In practice, this means that the value of the variable is not stored in the variable itself. Instead, there is information about the location in computer memory where the value can be found.
A reference is often represented by an arrow from the variable to the actual value in memory:
So, a reference tells us where the value can be found. The function id
can be used to find out the exact location the variable points to:
a = [1, 2, 3]
print(id(a))
b = "This is a reference, too"
print(id(b))
4538357072 4537788912
The reference, or the ID of the variable, is an integer, which can be thought of as the address in computer memory where the value of the variable is stored. If you execute the above code on your own computer, the result will likely be different, as your variables will point to different locations - the references will be different.
The Python Tutor visualisation tool also shows references as arrows from the variable to the actual content, as we saw in the previous section.

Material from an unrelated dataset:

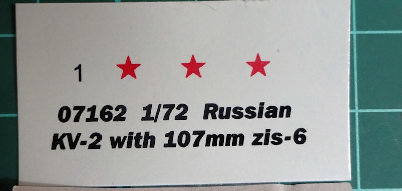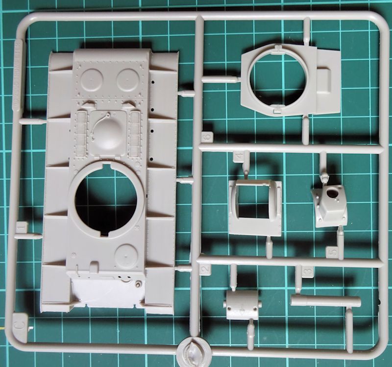 In der Schachtel mit dem Modell als Deckelbild befinden sich eine Bodenplatte, die Bauanleitung, Abziehbilder, Gummiketten und Abschleppseile sowie sechs hellgraue Gießäste. Die Bauanleitung führt in 10 übersichtlichen Schritten zum fertigen Modell. Der Bausatz ist gut detailliert, so wurde zum Beispiel an der Panzerwanne und am Turm die aufgeraute Fläche des Panzerstahls wiedergegeben. Die Kanone hat eine aufgebohrte Mündung was das Modell realistischer aussehen lässt. Es gibt an den Teilen ein paar Grate, die vor dem Zusammenbau entfernt werden müssen. Dem Bausatz liegt auch die Kanone und dazugehörige Blende für die 152 mm Kanone bei, so dass man auch diese Variante bauen kann.

The tool "cheats" a bit when it comes to strings, however. It displays strings as if they are stored in the variables themselves:
In reality, Python strings are handled very much like lists, with references to locations in memory.
Many of the builtin types in Python, such as str
, are immutable. This means the value of the object, or any part of it, cannot change. The value can be replaced with a new value:
Some of Python types are mutable. For example, the contents of a list can change without needing to create a whole new list:
It may surprise you that also the basic data types int
, float
and bool
are immutable in Python. Let's have a look at the following bit of code:
number = 1
number = 2
number += 10
It seems that the commands above are just changing the value stored in the variable, but in fact each command creates a whole new number in the computer's memory.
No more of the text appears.